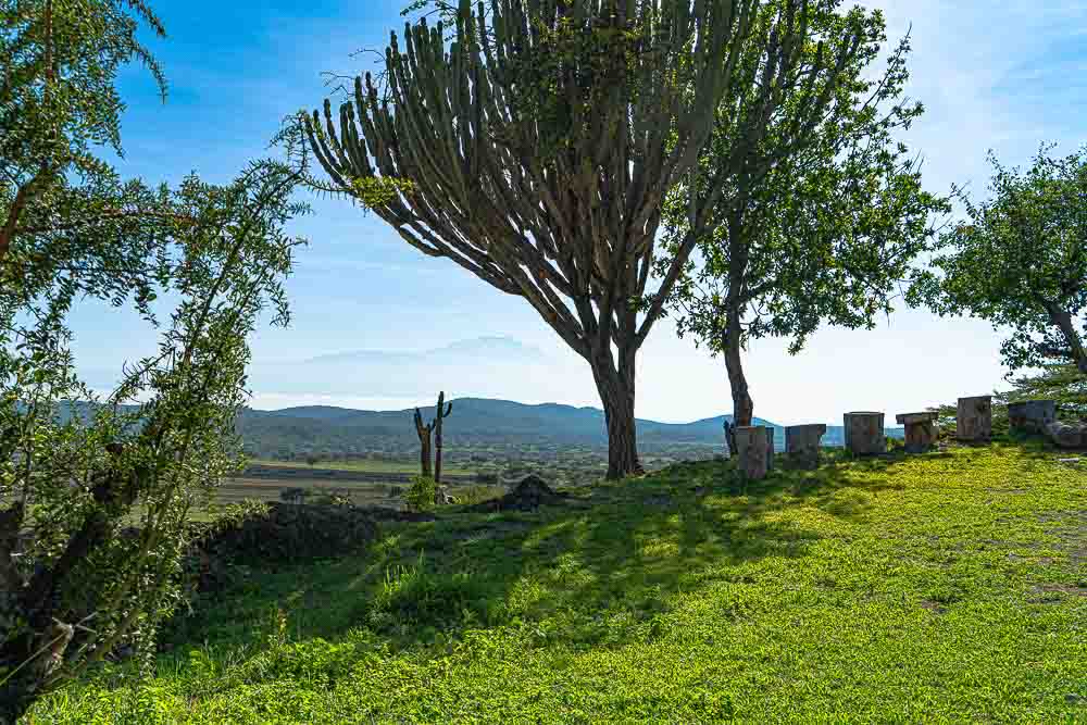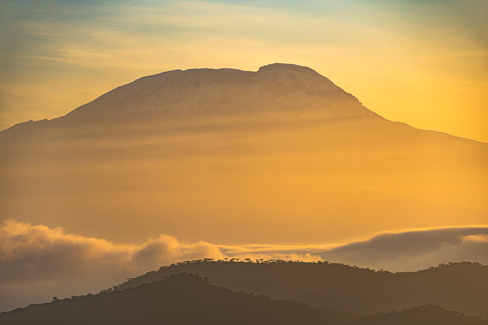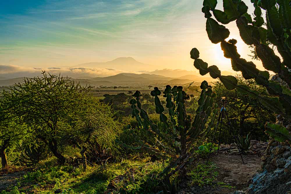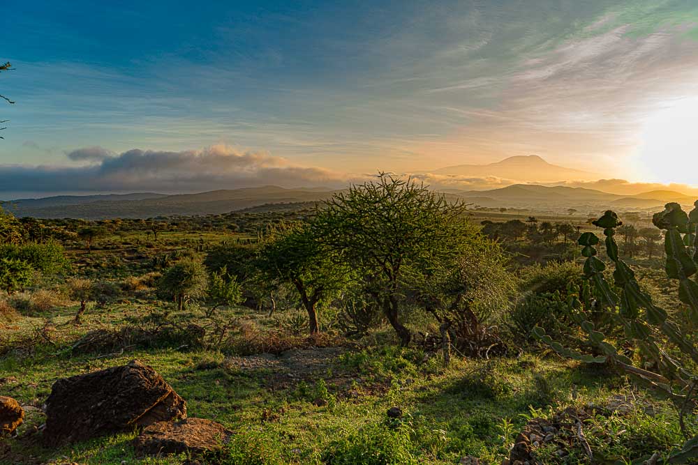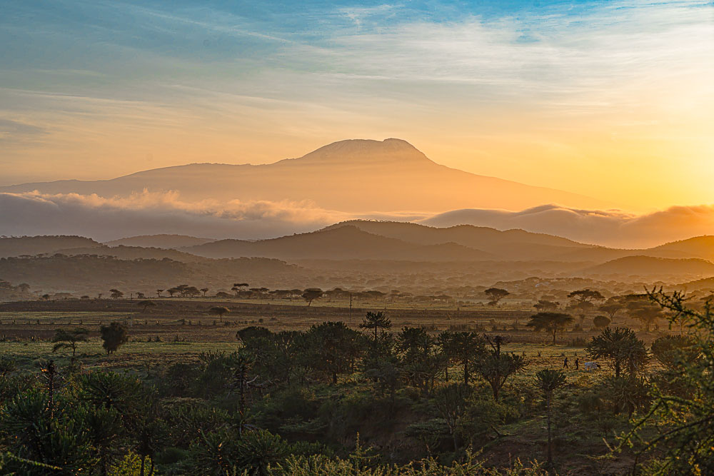 ... mit Ausblick zum Kilimandscharo, jetzt ist der Schnee auf seinem Gipfel von der Sonne beleuchtet.
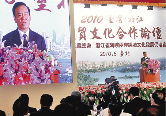 “2010臺(tái)灣·浙江經(jīng)貿(mào)文化合作論壇”,浙江省長呂祖善致詞表示,將加強(qiáng)浙江與臺(tái)灣多元化合作。圖片來源:臺(tái)灣《旺報(bào)》
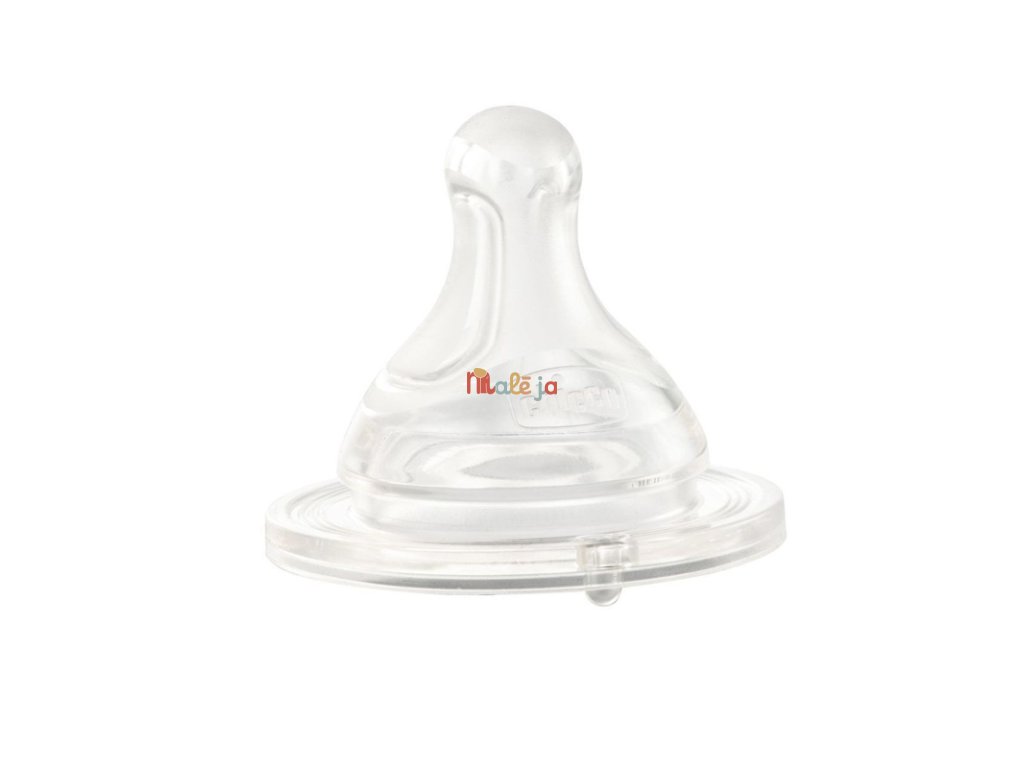 Cumlík na fľašu Chicco Perfect 5 zo silikónu má symetrický, predĺžený a sploštený tvar. Približuje sa tak najbližšie tvaru matkinej bradavky, tak ako vyzerá pri saní dieťaťa. Podporuje tak prirodzené peristatické kŕmenie.

━━━━━━━━━━━━━━━━

### TASK TO CARRY OUT
The data is to be returned exactly as it stands, pictures aside.

### FINISHED TASK
 ... mit Ausblick zum Kilimandscharo, jetzt ist der Schnee auf seinem Gipfel von der Sonne beleuchtet.
 “2010臺(tái)灣·浙江經(jīng)貿(mào)文化合作論壇”,浙江省長呂祖善致詞表示,將加強(qiáng)浙江與臺(tái)灣多元化合作。圖片來源:臺(tái)灣《旺報(bào)》
 Cumlík na fľašu Chicco Perfect 5 zo silikónu má symetrický, predĺžený a sploštený tvar. Približuje sa tak najbližšie tvaru matkinej bradavky, tak ako vyzerá pri saní dieťaťa. Podporuje tak prirodzené peristatické kŕmenie.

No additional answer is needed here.